The problem is that the existing licenses seldom (if ever ?) mention
"format" and "cosmetics". It would be nice to have a requirement for
licenses that most all existing licensed would satisfy. I started
reading over the licenses in the howtos and putting a one-sentence
summary in a list. Some howto licenses are just GPL, others reference
the LDP-License (like the v2.0 which I posted). Others docs give one
a choice of licenses (this can be confusing). Some have no copyright
at all and it's not clear if they are public domain or not.
We can of course say that licenses issued in the 21st century must
meet new requirements and that the old ones may remain as they are
(but we can suggest changing some of them). Since we deal with all
docs for Linux, we should at least link to docs that don't qualify to
be LDP docs. What I'm going to propose soon (but not in detail now)
is the classification of licenses into categories (say A thru F). "A"
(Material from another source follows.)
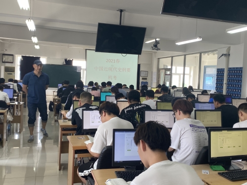 思想政治理论课教研部《中国近现代史纲要》课程期末考试在教务处、数据学院等部门的大力支持与配合下,已于2021年5月18—21日圆满结束。作为考查课,《中国近现代史纲要》课程首次尝试采用随堂线上机考的方式进行考核。本次考试共有2561名学生参与考试,涉及11个时间段,40个考场60余人次监考。从学期初计划机考到落地实施,思政部全体教师及《中国近现代史纲要》课程兼职教师做了大量的准备工作。考试虽圆满结束,但首次尝试线上随堂机考也发现了一些需要改进的问题,为今后进一步探索思政课程考核方式的改革积累了宝贵的经验。

will be the best and GPL-like. A, B and C we will accept. "D" we
will perhaps accept if we need it badly enough. "F" we will not
accept but may index it and/or make a link to it.
I'm not sure how many categories we should have nor exactly how they
will be defined and would like to postpone all discussion of this for
later. Before going into this I would like us to agree on some kind
of a boiler-plate license and a simple criteria for licenses for the
manifesto. This will be only an interim solution until we work out
DGPL and decide on modifications.
> For a start it is contradicted by the second paragraph of the 'Overview'
> section which talks about the LDP docs being 'freely available' in a similar
> fashion to the GNU GPL which specifically allows modification and derivative
> works not just encourages them. The freedom is more than freedom to
But they are "freely available" even if some can't be modified. What
I'm proposing is only an interim measure which will perhaps be
replaced by a requirement that a doc which is not being maintained can
be modified if needed to update it.
> Secondly it talks about 'documents' but does not define the term. I think a
> straw poll on the definition of document would reveal significant numbers
> of varying views.
We call it the Linux *Documentation* Project. Are not we working on
> Thirdly, I believe that the LDP license conditions *must* allow modification
> of the content. This shouldn't be a negotiable condition. Again, it's
> extremely difficult to edit/correct/publish a document that doesn't allow
> you to modify the text.
I would change your *must* to "should". I think that it's best to
allow modification but also understand why some authors want to
restrict/prohibit modification. What I would do is to clearly label
docs the do not ultimately allow modification. Then someone needs to
ask the author to at least allow modification if the doc is not being
maintained or if the author/maintainer can't be found. If the author
will not be reasonable about this, then we should look for a new
author while hopefully retaining the old one temporarily.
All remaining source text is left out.